SELECT COUNT(*) FROM NAAM WHERE naam LIKE 'SEARCHEDNAME%' SELECT COUNT(*) FROM NAAM WHERE naam = 'SEARCHEDNAME' SELECT COUNT(*) FROM nummer WHERE POSTCODE LIKE '81%' and NAAMID = <any id from the query above>

firebird-automations commented 15 years ago

Commented by: @dyemanov

Number of fetches would also be useful, I suppose.

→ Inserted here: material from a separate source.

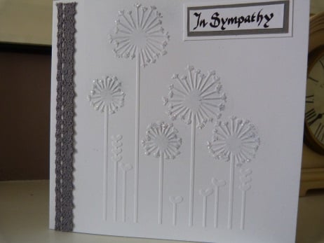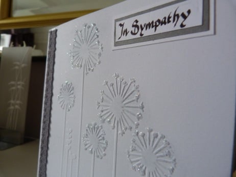 A completely handmade and uniquely designed card. Consisting of pristine white quality card which has had a design of dandelions embossed. The dandelion heads have been decorated with fine glitter. Finished off with In Sympathy handwritten in black ink in gothic style and a grey cotton lace ribbon

firebird-automations commented 15 years ago

Commented by: Roy Damman (royd)

SELECT COUNT(*) FROM NAAM WHERE naam LIKE 'SEARCHEDNAME%' COUNT: 91 Execution time: 00:00:00.0000 Prepare time: 00:00:00.0000 Starting Memory: 86328284 Current Memory: 86339364 Delta Memory: 11080 Number of Buffers: 20000 Reads: 313 Writes: 17 Plan: PLAN (NAAM INDEX (NAAM_NAAM)) Rows Affected: 1

SELECT COUNT(*) FROM NAAM WHERE naam = 'SEARCHEDNAME' COUNT: 1 Execution time: 00:00:00.0000 Prepare time: 00:00:00.0000 Starting Memory: 86329632 Current Memory: 86333200 Delta Memory: 3568 Number of Buffers: 20000 Reads: 313 Writes: 29 Plan: PLAN (NAAM INDEX (NAAM_NAAM)) Rows Affected: 1

SELECT COUNT(*) FROM nummer WHERE POSTCODE LIKE '81%' and NAAMID = 11667 (NAAMID FROM QUERY 2) COUNT: 6 Execution time: 00:00:00.0031 Prepare time: 00:00:00.0000 Starting Memory: 86344516 Current Memory: 86511124 Delta Memory: 166608 Number of Buffers: 20000 Reads: 992 Writes: 47 Plan: PLAN (NAAM INDEX (NAAM_NAAM)) Rows Affected: 1

I understand in which direction you are searching the explanation. So I changed SEARCHNAME in naam in UNIQUENAME so that the count of =UNIQUENAME and LIKE UNIQUENAME% would be the same. After that the statistics of QUERY A and QUERY B where in the same range. I will install FB 1.5.x once again and repeat the tests above.